Princess Mononoke Shows Nature’s Wounds

Hayao Miyazaki’s 1997 film, Princess Mononoke, presents both a familiar and surprising work from the Japanese director. His typical ideas are clear: a natural world threatened by (and threatening to) humanity’s incursion, the futility of violence, and the necessity of mercy. But there’s a directness to the violence that shocks, coming from the creator of My Neighbor Totoro’s gentle sensibilities. 

The brutality rears its purple, tendrilled head within minutes. Ashitaka (voiced by Youji Matsuda) is forced to protect his village when a raging demon attacks it. He dispatches the creature with his bow, but not before he’s lashed on the arm. The wound leaves a purple scar that the elders of the village soon inform him will gradually poison his body until he succumbs to hatred and dies. As a last refuge of hope, and to uncover what drove the monster to their land, the village sends Ashitaka westward to seek healing from the Deer God. 

On his journey, he encounters other peasants being attacked by cruel samurai. He doesn’t want to fight, but he’s pursued and has little choice. As he readies his bow, his wounded arm pulses with strength; his arrow severs a man’s arms. His next shot decapitates another. It’s unexpected, for him and for us, and it serves as an omen of the insatiable nature of a violence which grows in hunger and might until none escape.

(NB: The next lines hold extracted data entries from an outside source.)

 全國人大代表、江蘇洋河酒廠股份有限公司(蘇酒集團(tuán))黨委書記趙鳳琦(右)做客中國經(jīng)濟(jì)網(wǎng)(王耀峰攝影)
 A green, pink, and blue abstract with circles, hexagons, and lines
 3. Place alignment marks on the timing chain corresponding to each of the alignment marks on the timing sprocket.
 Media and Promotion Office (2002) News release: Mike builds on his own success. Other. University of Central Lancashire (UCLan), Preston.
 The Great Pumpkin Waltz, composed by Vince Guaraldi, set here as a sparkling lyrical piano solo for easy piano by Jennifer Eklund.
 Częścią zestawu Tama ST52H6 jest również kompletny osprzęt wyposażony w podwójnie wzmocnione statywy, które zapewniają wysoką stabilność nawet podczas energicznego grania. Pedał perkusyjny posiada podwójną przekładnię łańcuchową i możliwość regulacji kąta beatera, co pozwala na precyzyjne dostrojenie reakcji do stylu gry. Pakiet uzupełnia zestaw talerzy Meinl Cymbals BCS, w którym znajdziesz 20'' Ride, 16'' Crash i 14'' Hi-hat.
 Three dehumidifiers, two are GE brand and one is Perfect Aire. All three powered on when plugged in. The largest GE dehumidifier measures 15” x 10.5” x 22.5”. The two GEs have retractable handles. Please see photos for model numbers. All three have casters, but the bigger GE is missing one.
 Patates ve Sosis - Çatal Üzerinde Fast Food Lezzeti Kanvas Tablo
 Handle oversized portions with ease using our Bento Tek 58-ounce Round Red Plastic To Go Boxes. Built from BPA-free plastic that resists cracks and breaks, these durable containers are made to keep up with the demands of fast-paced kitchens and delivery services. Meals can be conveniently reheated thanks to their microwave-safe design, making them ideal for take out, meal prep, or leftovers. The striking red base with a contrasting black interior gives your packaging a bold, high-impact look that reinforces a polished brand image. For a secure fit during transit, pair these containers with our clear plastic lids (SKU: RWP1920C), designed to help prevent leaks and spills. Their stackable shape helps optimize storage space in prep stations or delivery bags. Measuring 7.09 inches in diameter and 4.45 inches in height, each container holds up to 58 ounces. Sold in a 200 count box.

Eventually, Ashitaka arrives at the village ruled by Eboshi (Yûko Tanaka), and discovers that Eboshi has instructed her peasants to ravage the nearby forest to fuel her ironworks. Her ironworks give her wealth, security, notoriety, and pride, all in the simple form of a gun. Even as the creatures of the forest fight for survival, they are little match for her firepower. Neither are the samurai who wish to take over the ironworks. In fact, on of her iron bullets lodged itself in a boar, poisoning it into the vengeful creature that attacked Ashitaka’s village. Ashitaka is curious, but unimpressed by the ironworks. Instead, he’s more drawn toward Princess Mononoke, a mysterious young woman who lives with the wolves, and who carries a personal vendetta against Eboshi.

Ashitaka finds himself in the middle of a conflict between humanity and nature, between the rapaciousness of industry and the brutal survival instinct of the forest. He seeks a way of reconciliation between these worlds, a restraint on these two instincts. But few are ready to heed his plea. 

The conflict is surprisingly similar to Western epics. Having just rewatched Peter Jackson’s The Lord of the Rings trilogy, I was struck by their connection with Ashitaka’s battle. Tolkein was notedly skeptical of the churn of industrialization, and his depiction of Isengard’s drive to produce and the ents who revolt against it provide a close counterpart to Eboshi and the forest spirits. As an American, there’s often something alienating to Miyazaki’s narrative dynamics—they rarely follow what I expect, and I am drawn to the way that surprise forces me to rethink my categories. I am, inevitably, in a strange land when entering a Miyazaki film. They other me in a way that is generative. To be honest, I wish Princess Mononoke was less straightforward in its arc.

Of course, the animation is key to immersing us in this world. The wolves are stately and imposing, the apes are ethereal, mystic. Even more impressive than the rendering of animal and spirit are the vistas characteristic of Miyazaki’s attention to light, movement, and stillness. There is a scope here that is the scope of the land. At times vast and open, at others hemmed in, dense with fern and forest. But I’m most struck by his visualization of evil. The boar at the opening is lost in purple, wormlike tendrils. For whoever comes close, those tendrils latch on to them and draw them in. Princess Mononoke shows how hatred is an external force in a way that is simple but needful. It’s not always visible—Eboshi’s greed could easily be characterized as hatred—but it’s true that hatred can be invasive. It punctures and permeates and controls, even as it drains away life.

With its world overrun by spirits and violence, Princess Mononoke understands the poor Ouroboros we have placed ourselves in. We fight, so we create weapons. We create weapons, so we fight. And as we do, we carve deep and iron wounds into the land. As our gluttony for industry exceeds itself, it’s only a matter of time until nature itself must enter the fray. And then—even if we win, what will we lose? Miyazaki’s film is a stark warning that is nonetheless filled with hope for a better way forward.